Surface sulfur functionalized defects on the synergistic and competitive effects of CO2 and H2O adsorption: Density functional theory study

Heteroatom doping can significantly enhance the CO₂ adsorption capacity of carbon-based materials, but it also increases the hydrophilicity of the carbon matrix. This can lead to the competitive adsorption of CO₂ and H₂O becoming more pronounced in humid environments. In this study, the co-adsorption behaviors of H₂O and CO₂ on carbon surfaces modified with various sulfur functional groups were investigated at the molecular level using density functional theory. The adsorption mechanisms were comprehensively analyzed through IGMH, QTAIM, EDA-FF, and charge transfer analysis. ESP analysis revealed that the absolute values of the local maxima and minima of the water molecules’ electrostatic potential were higher than those of CO₂, indicating that water molecules exhibit greater adsorption stability and hydrogen bonding capability on highly polar functional groups. QTAIM analysis identified the specific interaction pathways and strengths between the atoms of CO₂ and H₂O, while IGMH analysis showed that the interactions between CO₂, H₂O, and the porous carbon are primarily weak van der Waals forces.
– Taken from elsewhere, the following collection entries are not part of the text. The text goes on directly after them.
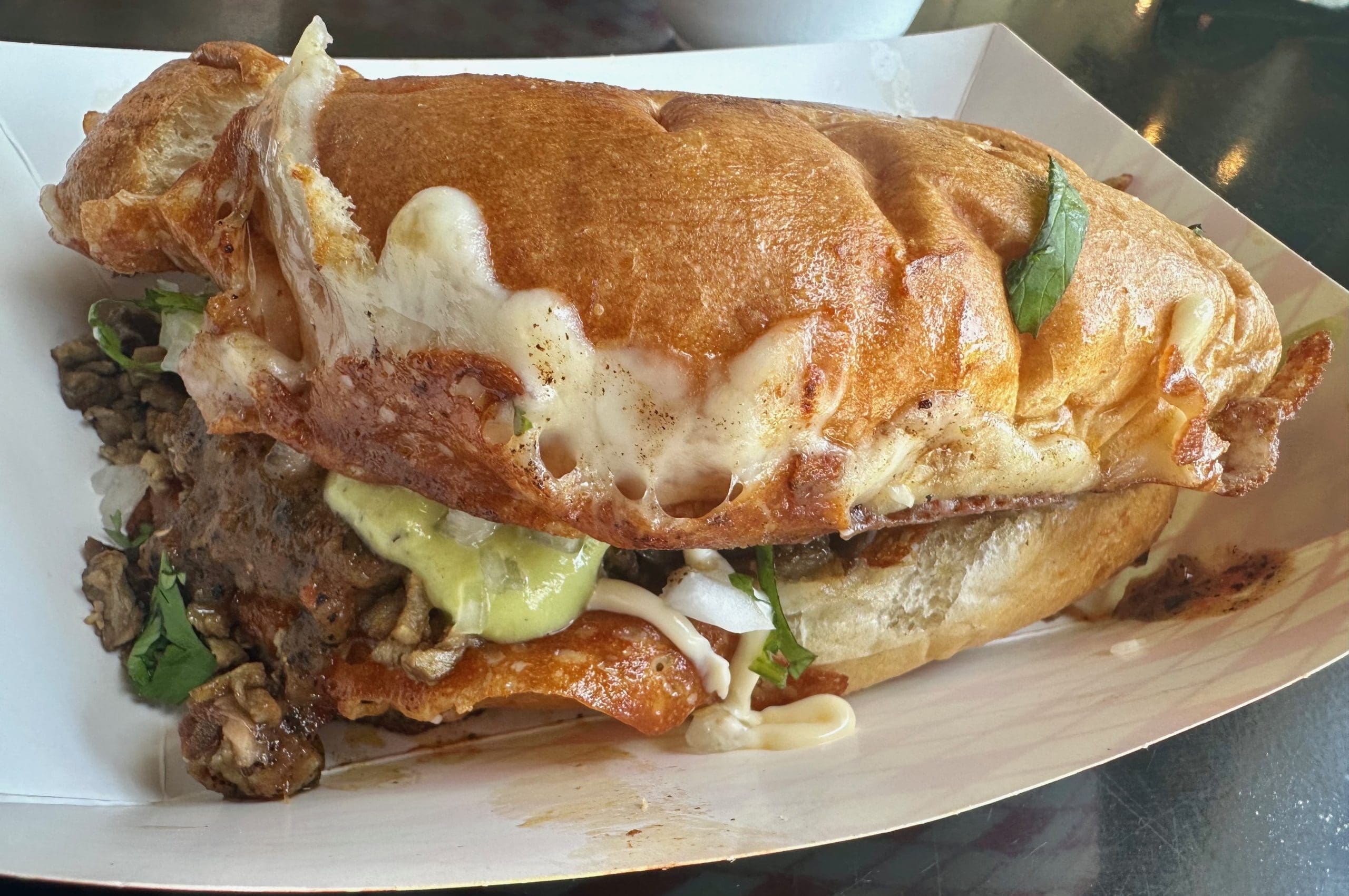 23 April 2025: Since its launch as a brick-and-mortar operation in 2024, Rio Tacos has expanded its menu to showcase even more Mexican cuisine deliciousness. Among the very welcome additions are tortas, the ubiquitous Mexican sandwich I prefer to tacos and burritos. Tortas are available with your choice of proteins (carne asada, al pastor, chicken, potato soyrizo and barbacoa). Though my favorite tortas are usually constructed with barbacoa, Rio Tacos’ carne asada is so good I changed things up…to glorious results. The torta de carne asada (Mexican sandwich filed with choice of meat, crusted cheese and topped with mexican mayo, sliced tomato, pickled jalapeno onions, cilantro and onions) is a superb sandwich, one sure to sate your appetite while enveloping you in joy. It’s one of the very best tortas I’ve had.
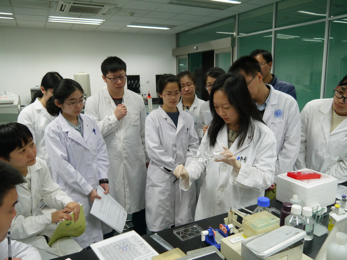 本次培训课程采用理论和实际操作并重的教学方法,采取分组式授课方式,每组20人左右,使每位学员充分参与其中。通过五天的系统培训,学员学到了分子生物学(核酸提取、PCR技术、Western技术)、细胞生物学(细胞培养、流式细胞术)、组织化学(冰冻切片、石蜡切片、HE染色)等相关理论知识和实验技术。
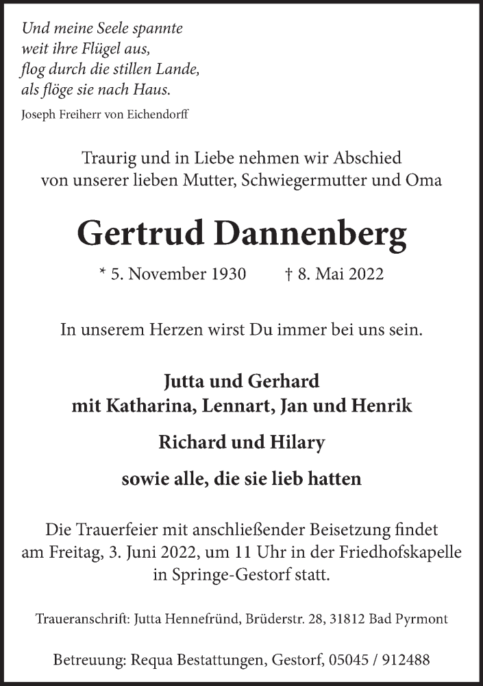 Hier finden Sie alle Traueranzeigen aus der Zeitung, die bisher für Gertrud Dannenberg erschienen sind. Weitere Traueranzeigen, die in der Zeitung erscheinen, werden hier ebenfalls aufgelistet
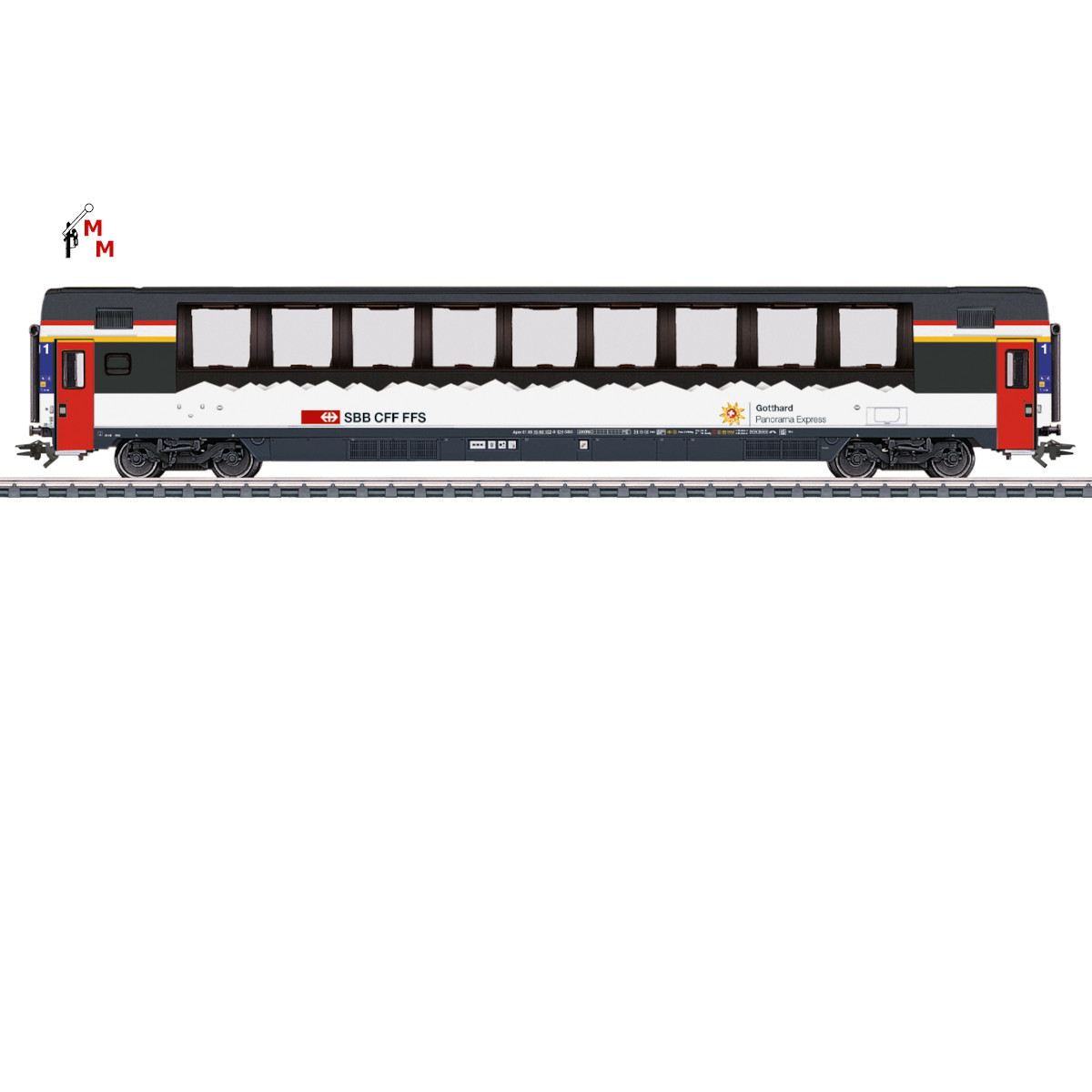 Hierbei handelt es sich um einen Schnellzug-Panoramawagen in Kunststoffausführung der Bauart Apm der 1. Klasse, der Schweizerischen Bundesbahnen (SBB/CFF/FFS) in weiß-dunkelgrauer Farbgebung und rot akzentuierten Einstiegstüren. Längsseiten mit farbigem Signet „Gotthard Panorama Express“. Betriebszustand 2025 der Epoche VI.Verstellbare Puffer. Vorbereitet für Strom führende Kupplungen 7319 oder Strom führende trennbare Kurzkupplungen 72020/72021 sowie zum Einbau einer Innenbeleuchtung 7316. Länge über Puffer ca. 26,7 cm. Die passende Lokomotive hat die Artikel-Nummer 39469. Bei diesem Schweizer Personenwagen in neuem Design handelt es sich um eine Einmalserie 2026 und um Neuware mit 2 Jahren Herstellergarantie. Achtung! Nur für Erwachsene geeignet.
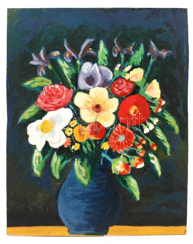 Jelzés nélkül: Virágcsendélet, olaj, farost, 46×37,5 cm https://www.darabanth.com/de/227-Fernauktion/227.0/Andere-Sammelgebiete/Gemalde-und-Grafiken~200313/Jelzes-nelkul-Viragcsendelet-olaj-farost-46C39737-5-cm~II1006625
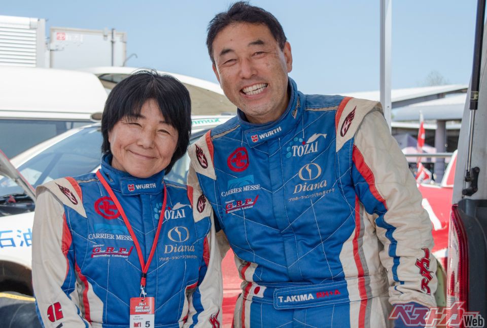 古い『ベストカー』の読者にはお馴染み、かつての連載執筆陣であり、夫婦そろってラリードライバーの小出久美子選手(通称「コクミ」)と秋間忠之選手(通称「くまちゃん」)。全日本ダートトライアル選手権ではボディに大きく「ベストカー」とペイントされたランエボで参戦しており(創刊編集長より許可済み)、知る人ぞ知る名物夫婦であります。
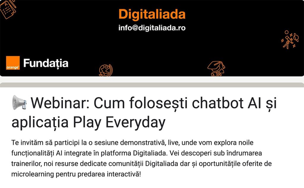 Digitaliada / Evenimente / Webinar: Cum folosești chatbot AI și aplicația Play Everyday
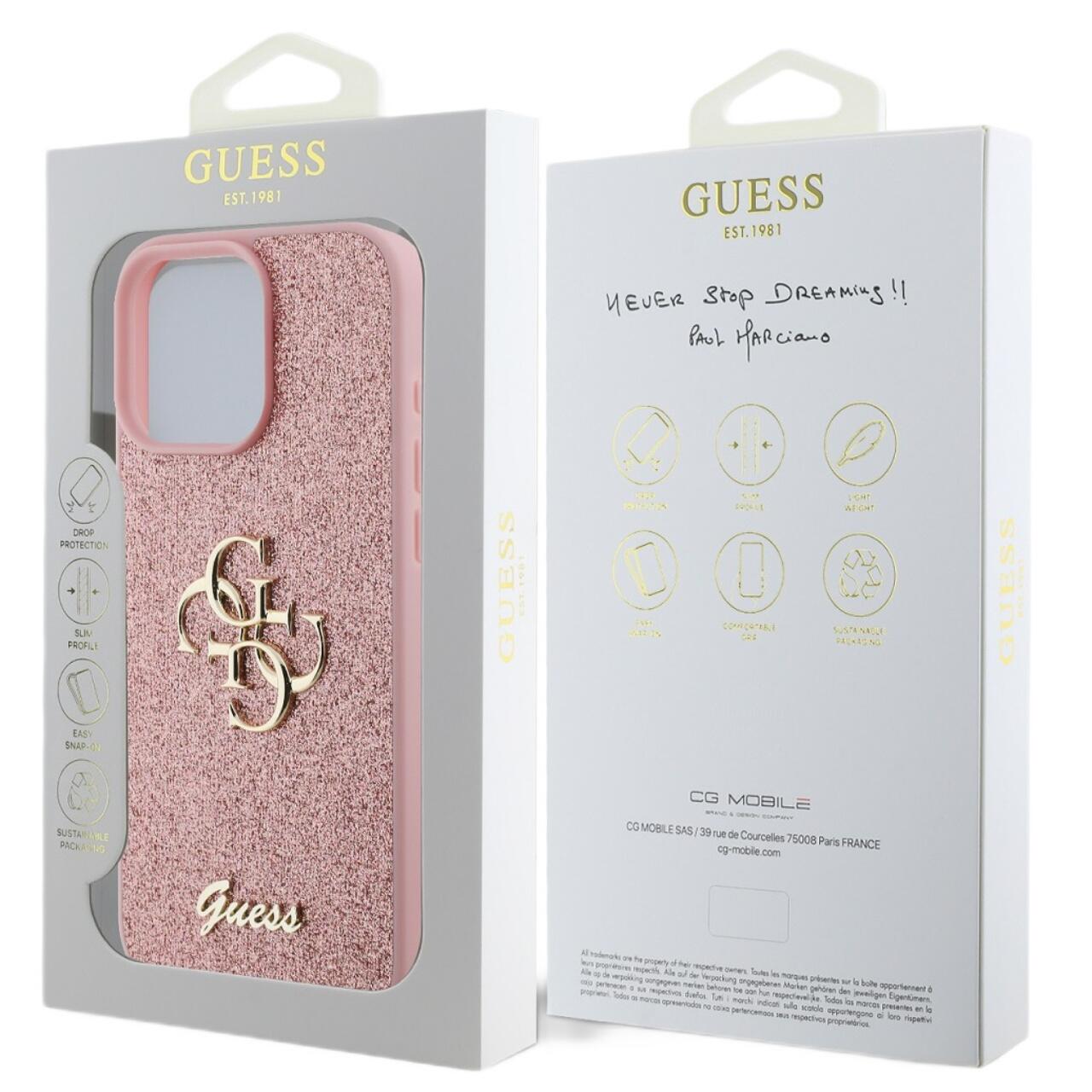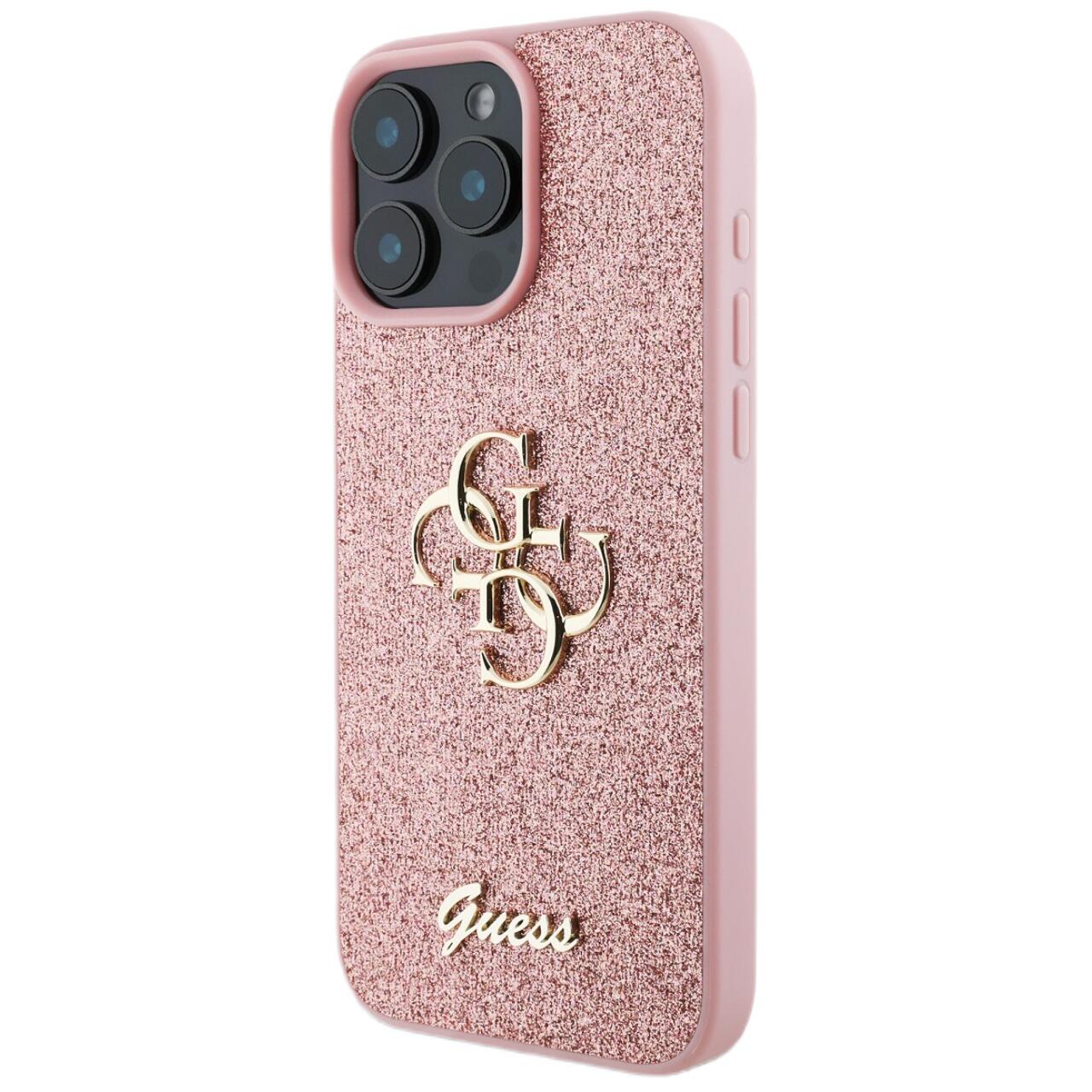 Guess Husa Fixed Glitter 4G Metal Logo iPhone 16 Pro Max Roz
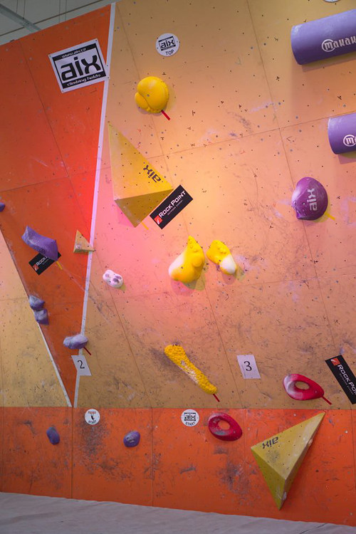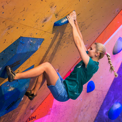 Není možné nezmínit krááásný boulder č. 4, který v kvalifikaci vylezla jen Štěpánka Šedková. Jednalo se o skok obouruč z nic moc obliny a středně dobré lišty a průměrných nohou. Tohle je něco, co já osobně netrénuju, ale cítila jsem, že to je perfektní výzva. Z deseti pokusů se mi skok podařil jednou a ten pocit byl skoro tak dobrý, jako kdybych topovala. Vyskočit, opustit obě ruce, natrefit správným způsobem dvě obliny, udržet to v zádech, v těle, rychle zastabilizovat tělo a umístit nohy, to byl opravdu super pocit. Škoda jen, že další krok do zóny už nepustil a skok už se pak ani jednou nepodařil!

EDA-FF results indicate that electrostatic and dispersive interactions are the dominant forces in the co-adsorption of CO₂ and H₂O. The enhanced adsorption stability of CO₂ in the co-adsorption system is mainly due to the additional unsaturated carbon sites created by basal defects, which significantly strengthen the van der Waals interactions of CO₂. Additionally, hydrogen bonding between CO₂ and H₂O further promotes CO₂ adsorption energy. This study underscores the critical role of sulfur functionalization in modulating adsorption behavior on carbon surfaces and provides valuable theoretical insights for designing advanced adsorbent materials capable of synergistically adsorbing multi-component gases.